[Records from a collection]
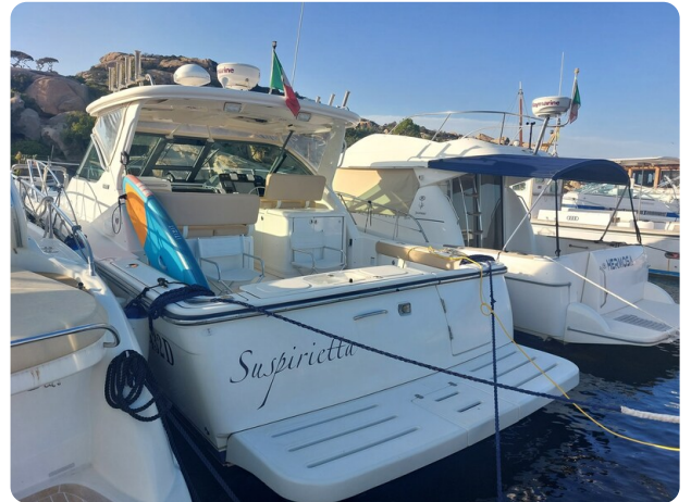
Tiara 3200 Open .jpg
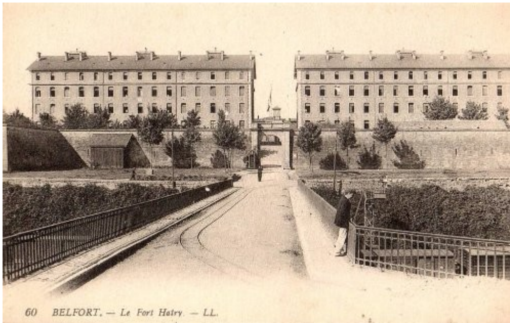
60 BELFORT. — Le Fort Hedy. — LL.

Le mémorial des fusillés de Saint Symphorien avec la liste des noms:
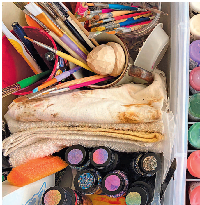
Я использую акриловые краски из местного магазина для рукоделия.

Я предпочитаю акриловые краски и не использую акварель или масло. Я люблю процесс росписи не меньше, чем саму резьбу, и с удовольствием экспериментирую с акриловыми красками, чтобы получить различные эффекты — далее
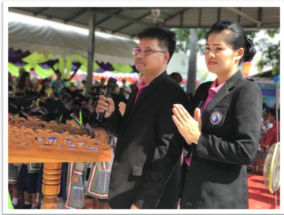
แนะแนวการศึกษาต่อโดย รองผู้อำนวยการโรงเรียนมารีย์อนุสรณ์
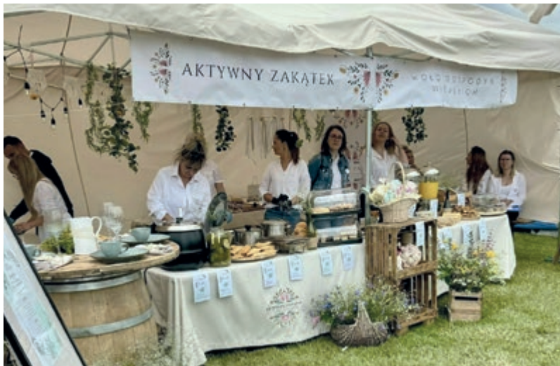
Stoisko „Aktywnego Zakątka” zwyciężyło w Golubiu-Dobrzyniu.

Koło Gospodyń Wiejskich „Aktywny Zakątek” z Lubicza Dolnego zwyciężyło w pierwszym etapie IX edycji Konkursu Kulinarного dla Kół Gospodyń Wiejskich „Bitwa Regionów”. Jury doceniło winne żeberka w kwiatowej odsłonie.
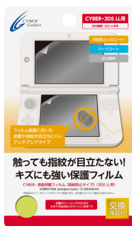
CYBER・液晶保護フィルム [指紋防止タイプ] (3DS LL用)
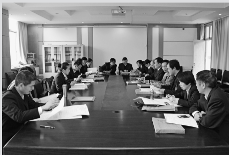
各代表团进行分组讨论 闭幕会上全体起立奏唱校歌
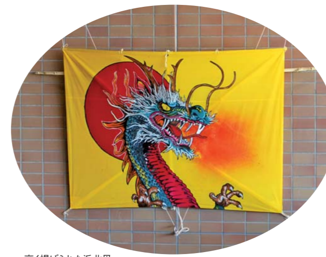
高く揚げられた浜北凧
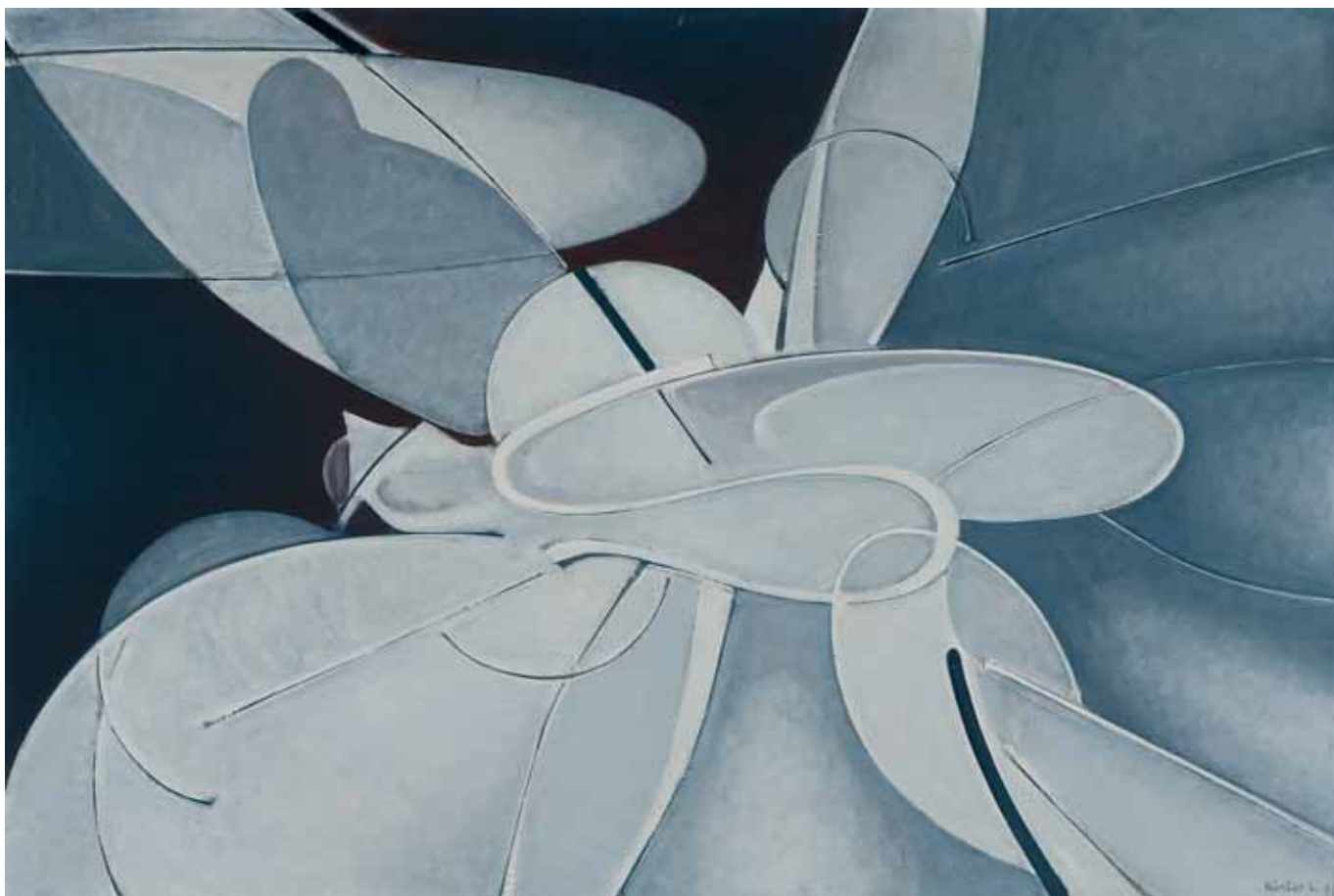
Gépi mozgásformák, olaj, vászon, 80 x 100 cm, 1973, j. I. Kántor L 973
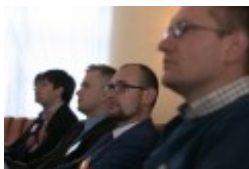
Konferencja naukowa "Dwujęzyczni pisarze polscy i litewscy. Zagadnienia bilingwizmu w kulturze polskiej i litewskiej. Literatura - kultura - język"
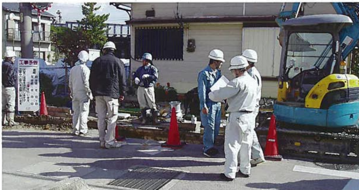
安全パトロール活動

来年度は何事においても厳しい年になると思われれます。当組合も各委員会、各組合員が、がんばってこの不景気を乗り切り、よりよい組合になればと思います。
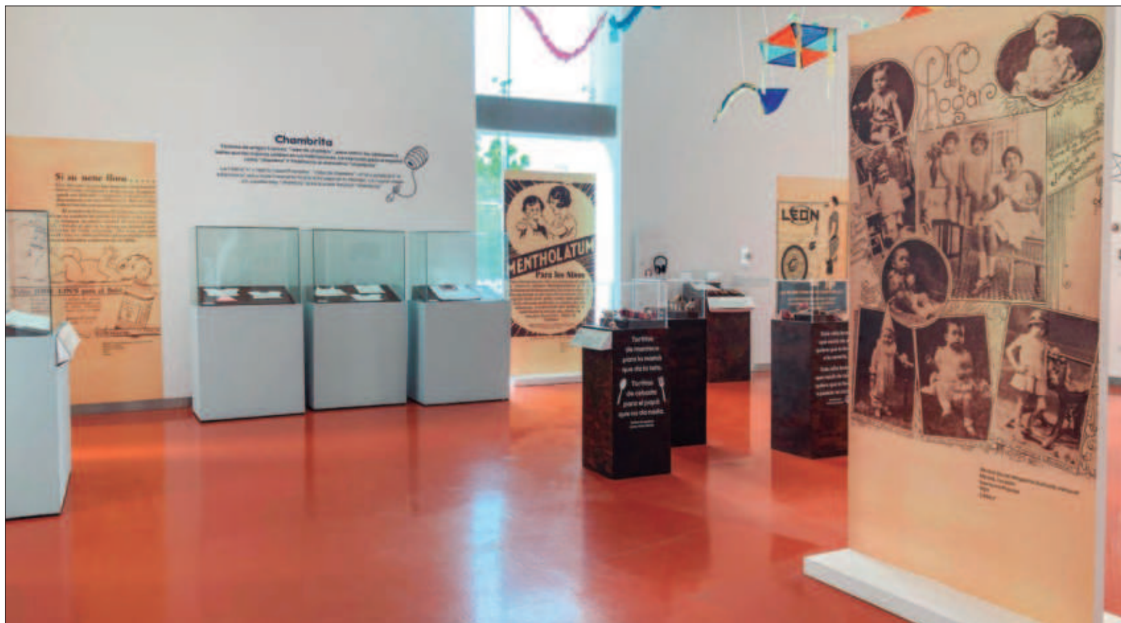
▲ La exposición es nostálgica; es capaz de transportar al visitante a los juegos de la infancia, las poses en las fotografías que todavía no se digitalizaban o el recuerdo de la primera comunión. También es recordar esas costumbres para recibir al bebé y la ceremonia del jéets méek' .

Chan paal. Nenés, niños y niñas en Yucatán es una exposición temporal que estará hasta el próximo 30 de septiembre de miércoles a lunes de 9 a 17 horas con entrada gratuita. La muestra está abierta y dirigida a todo tipo de público.
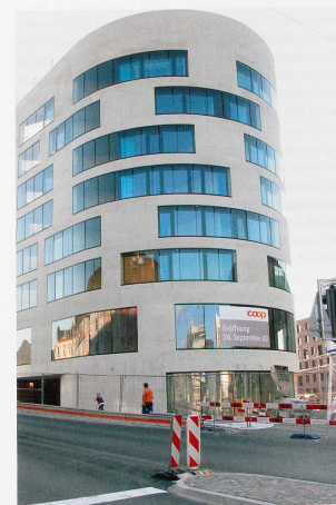
Bild S. 2 Baustelle beim Stückli
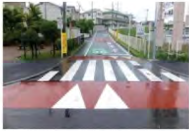
ロードペイントにより、一時停止を促す例
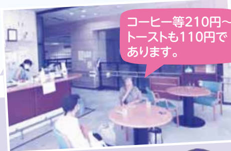
コーヒー等210円～トーストも110円あります。
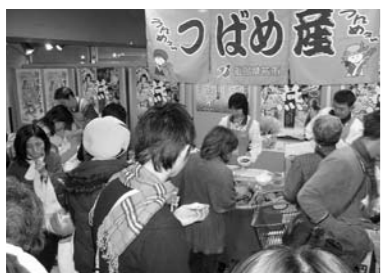
▲常に混雑する多くの人々が訪れました。
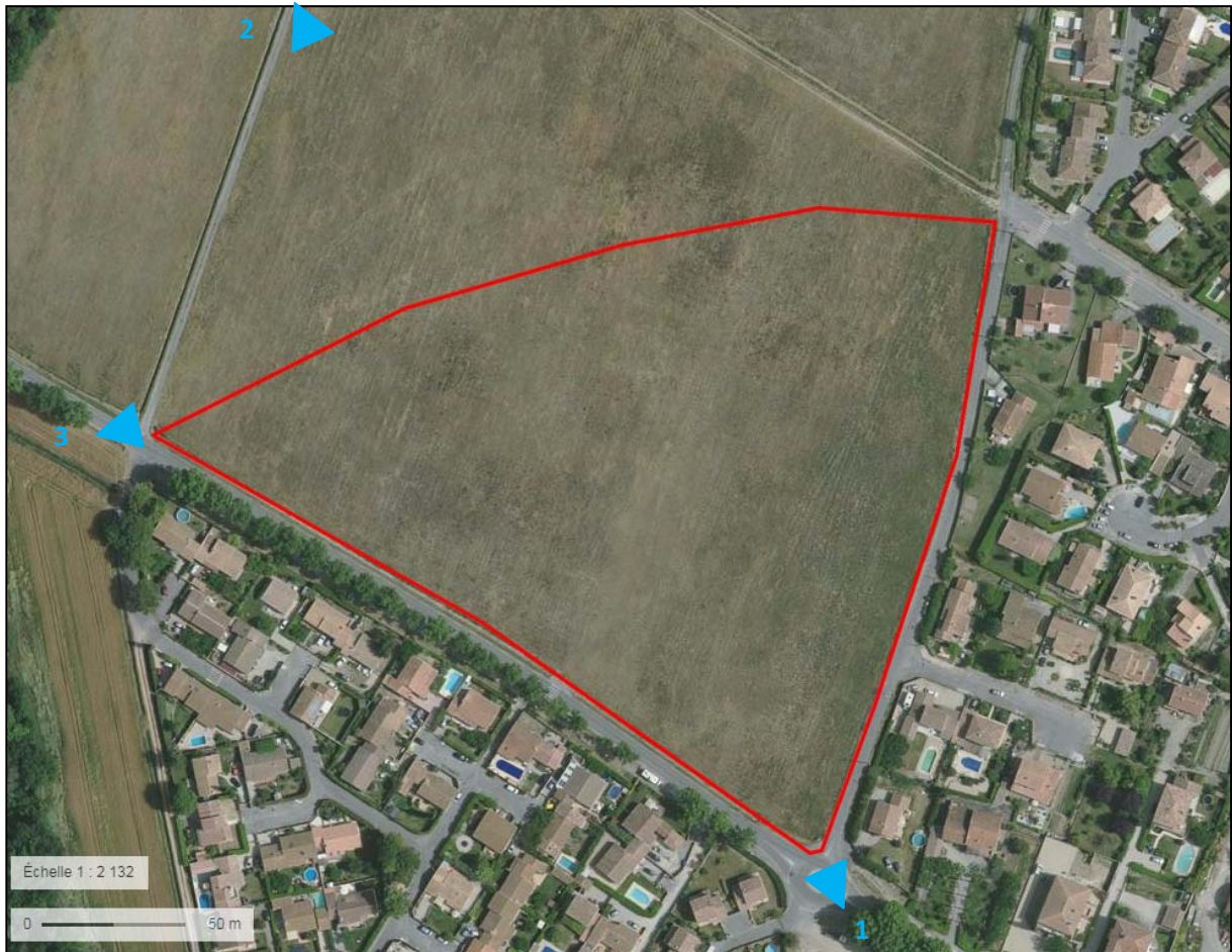
Localisation des prises de vue

▶ [What you have to do] Whatever pictures the records hold, omit them; give again exactly the lines from the one containing "Я предпочитаю акриловые" through the one containing "pisarze polscy i".

▶ [Answer for this exercise]
Я предпочитаю акриловые краски и не использую акварель или масло. Я люблю процесс росписи не меньше, чем саму резьбу, и с удовольствием экспериментирую с акриловыми красками, чтобы получить различные эффекты — далее
แนะแนวการศึกษาต่อโดย รองผู้อำนวยการโรงเรียนมารีย์อนุสรณ์
Stoisko „Aktywnego Zakątka” zwyciężyło w Golubiu-Dobrzyniu.

Koło Gospodyń Wiejskich „Aktywny Zakątek” z Lubicza Dolnego zwyciężyło w pierwszym etapie IX edycji Konkursu Kulinarного dla Kół Gospodyń Wiejskich „Bitwa Regionów”. Jury doceniło winne żeberka w kwiatowej odsłonie.
CYBER・液晶保護フィルム [指紋防止タイプ] (3DS LL用)
各代表团进行分组讨论 闭幕会上全体起立奏唱校歌
高く揚げられた浜北凧
Gépi mozgásformák, olaj, vászon, 80 x 100 cm, 1973, j. I. Kántor L 973
Konferencja naukowa "Dwujęzyczni pisarze polscy i litewscy. Zagadnienia bilingwizmu w kulturze polskiej i litewskiej. Literatura - kultura - język"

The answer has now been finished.